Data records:
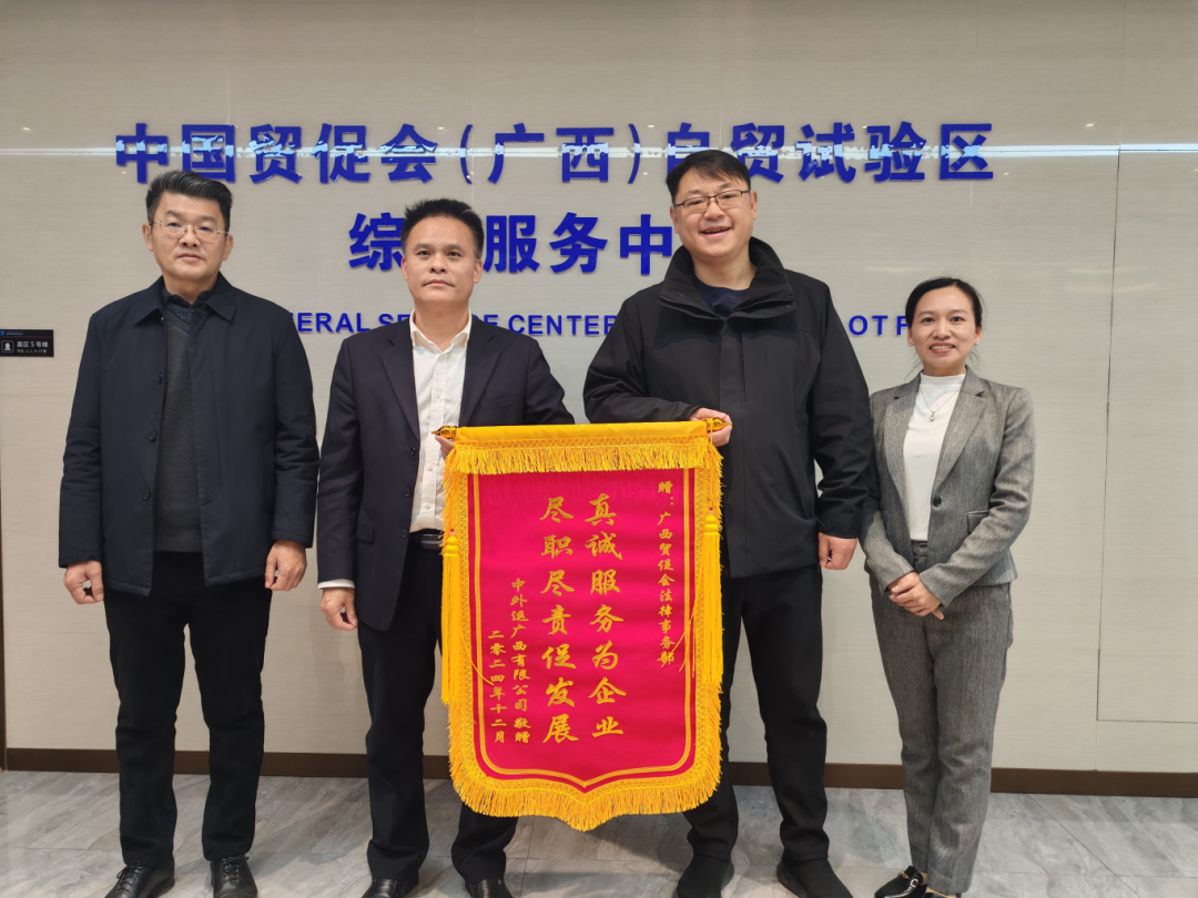 ▲2024年12月25日,中外运广西有限公司向广西贸促会赠送锦旗
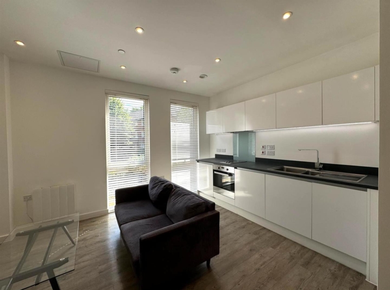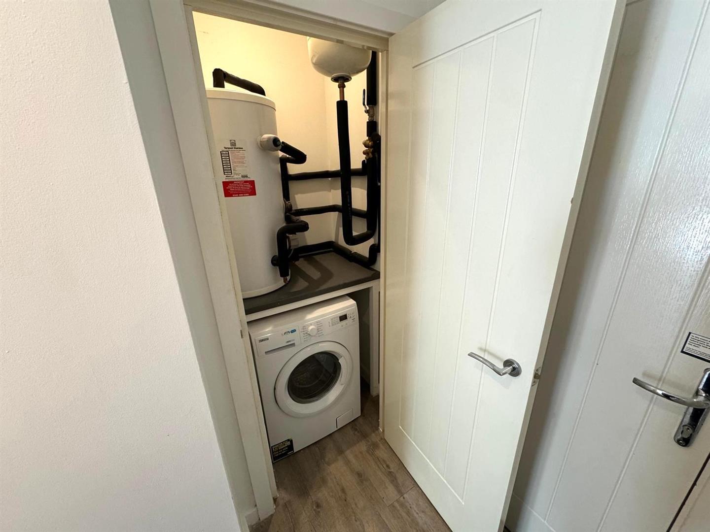 This well presented property benefits from an open plan living area with wooden effect flooring, stylish white kitchen with integrated appliances and separate utility cupboard, sectioned off sleeping area with double wardrobe, luxury shower room, secure video entry access and neutral decoration throughout.
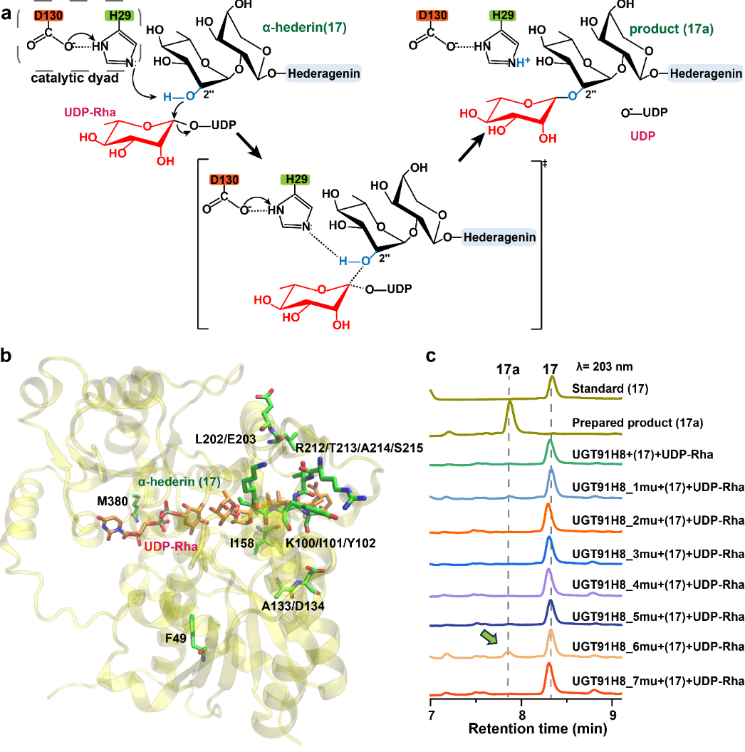 進(jìn)一步闡明了UGT91H_A1中非保守的RTAS Loop對(duì)UGT91H亞家族酶的底物特異性具有重要影響。將RTAS Loop替換至UGT91H8 和UGT91H7對(duì)應(yīng)區(qū)域,分別獲得突變體UGT91H_6mu和UGT91H7M,均具有催化新底物α-常春藤苷(17)糖基修飾的活性。分子動(dòng)力學(xué)模擬和量子力學(xué)計(jì)算表明,RTAS Loop通過影響酶和底物的相互作用和結(jié)合能來調(diào)控酶的底物特異性。
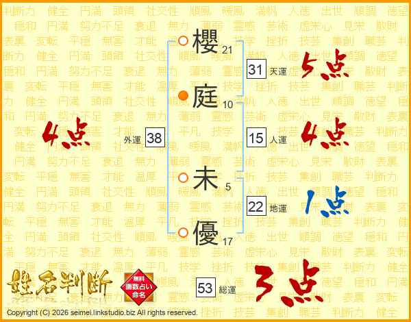 櫻(21画)庭(10画) 未(5画)優(17画)
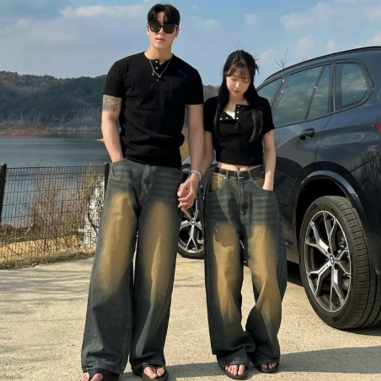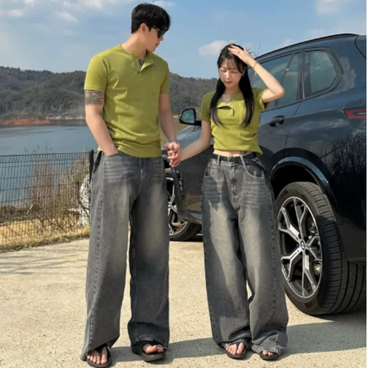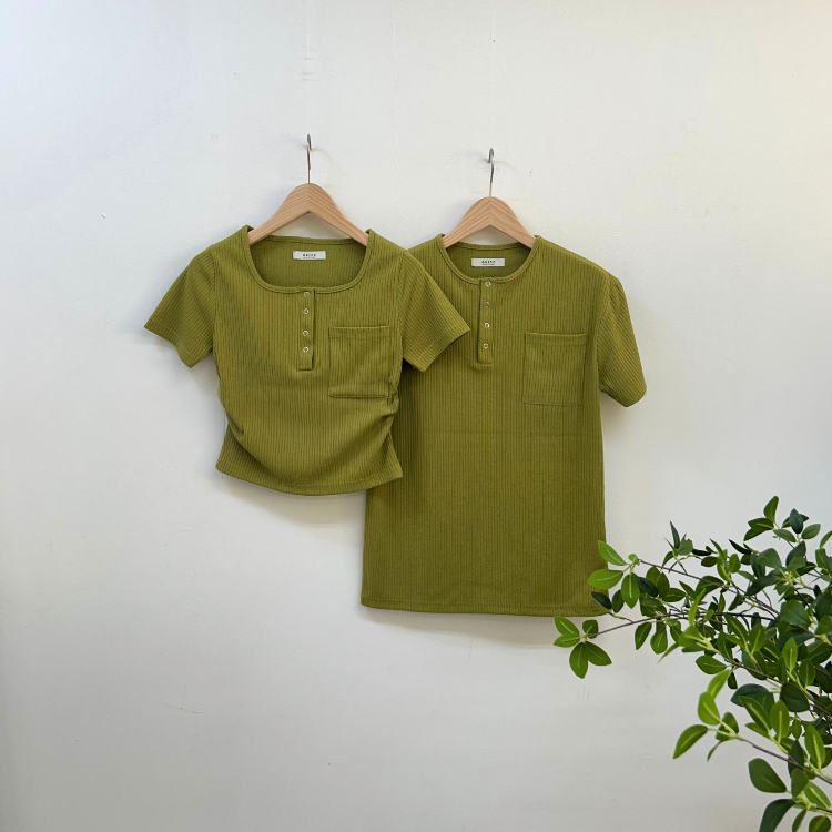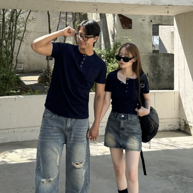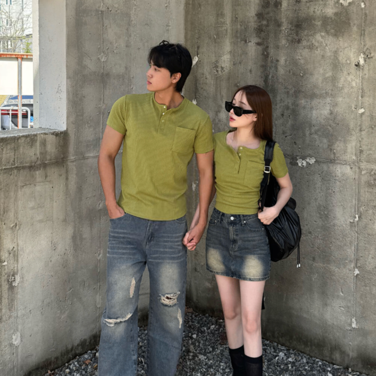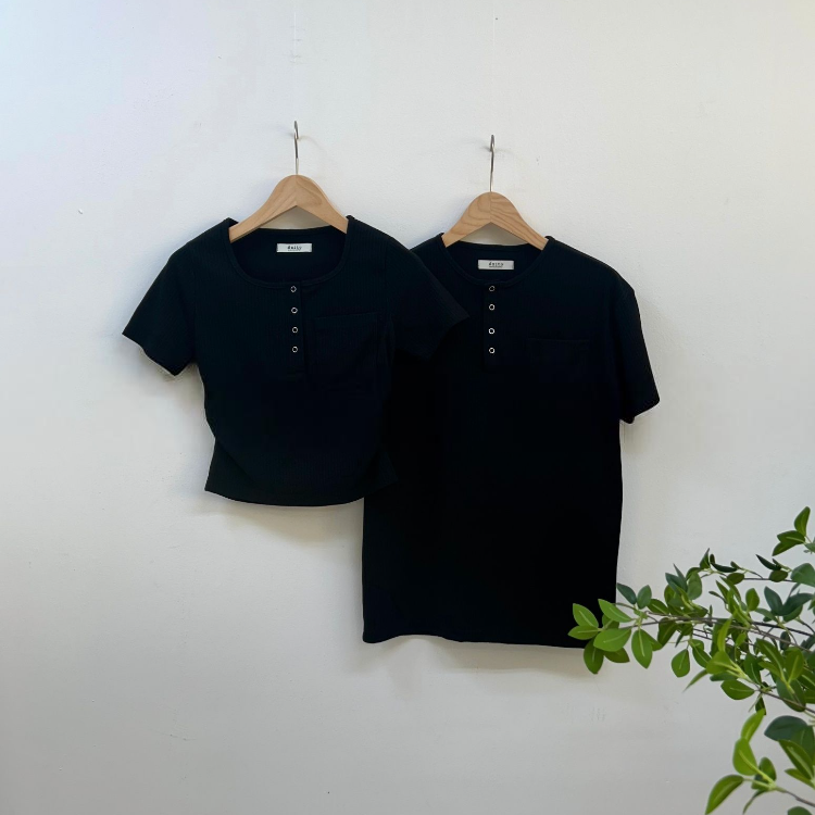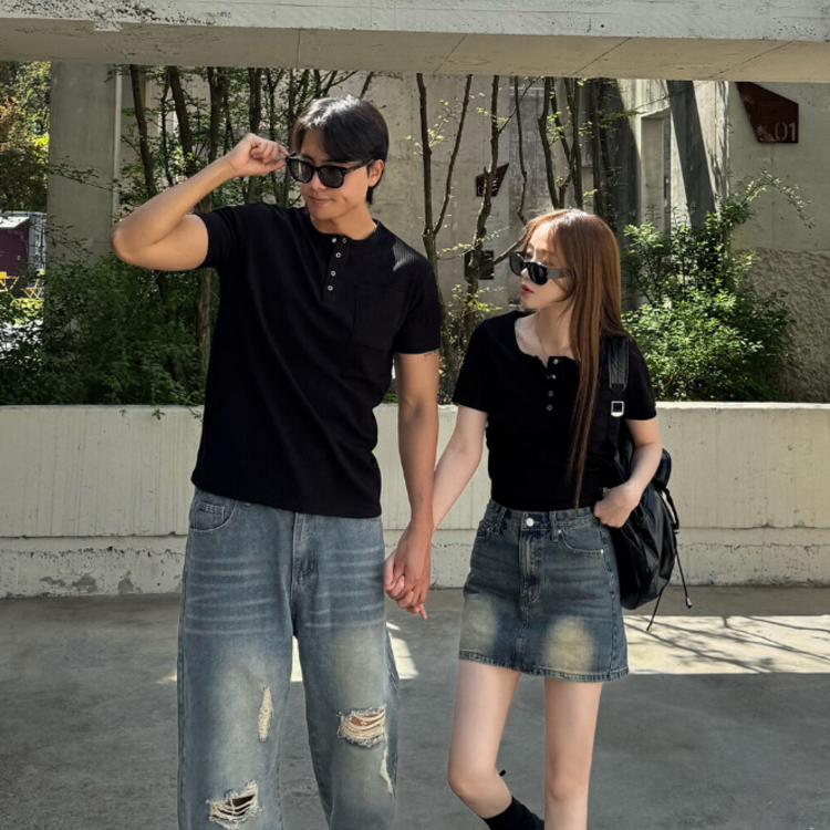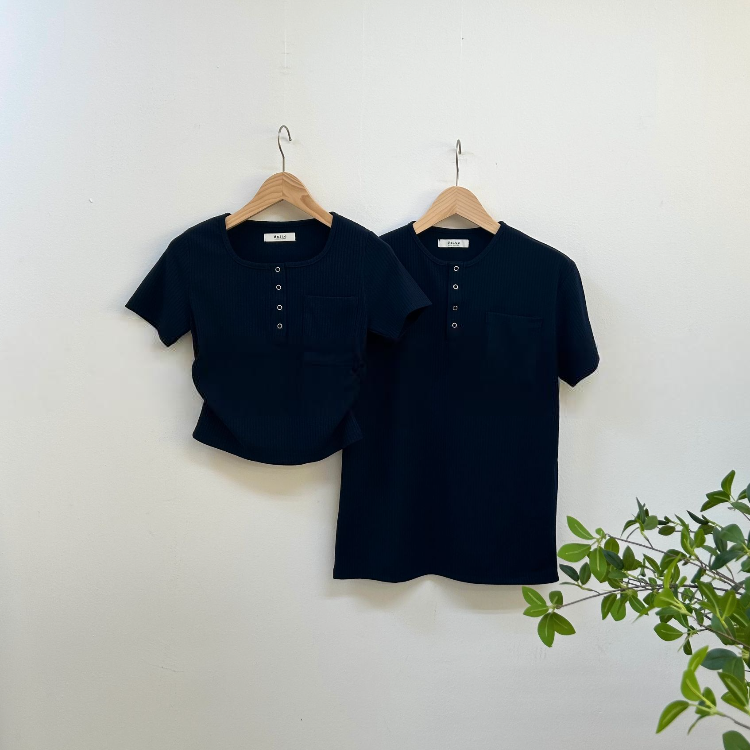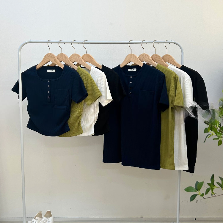 按扣羅紋T恤情侶裝

WHAT YOU ARE ASKED TO DO => All pictures are to be dropped, and the records above returned exactly.

SOLUTION BELOW =>
 ▲2024年12月25日,中外运广西有限公司向广西贸促会赠送锦旗
 This well presented property benefits from an open plan living area with wooden effect flooring, stylish white kitchen with integrated appliances and separate utility cupboard, sectioned off sleeping area with double wardrobe, luxury shower room, secure video entry access and neutral decoration throughout.
 進(jìn)一步闡明了UGT91H_A1中非保守的RTAS Loop對(duì)UGT91H亞家族酶的底物特異性具有重要影響。將RTAS Loop替換至UGT91H8 和UGT91H7對(duì)應(yīng)區(qū)域,分別獲得突變體UGT91H_6mu和UGT91H7M,均具有催化新底物α-常春藤苷(17)糖基修飾的活性。分子動(dòng)力學(xué)模擬和量子力學(xué)計(jì)算表明,RTAS Loop通過影響酶和底物的相互作用和結(jié)合能來調(diào)控酶的底物特異性。
 櫻(21画)庭(10画) 未(5画)優(17画)
 按扣羅紋T恤情侶裝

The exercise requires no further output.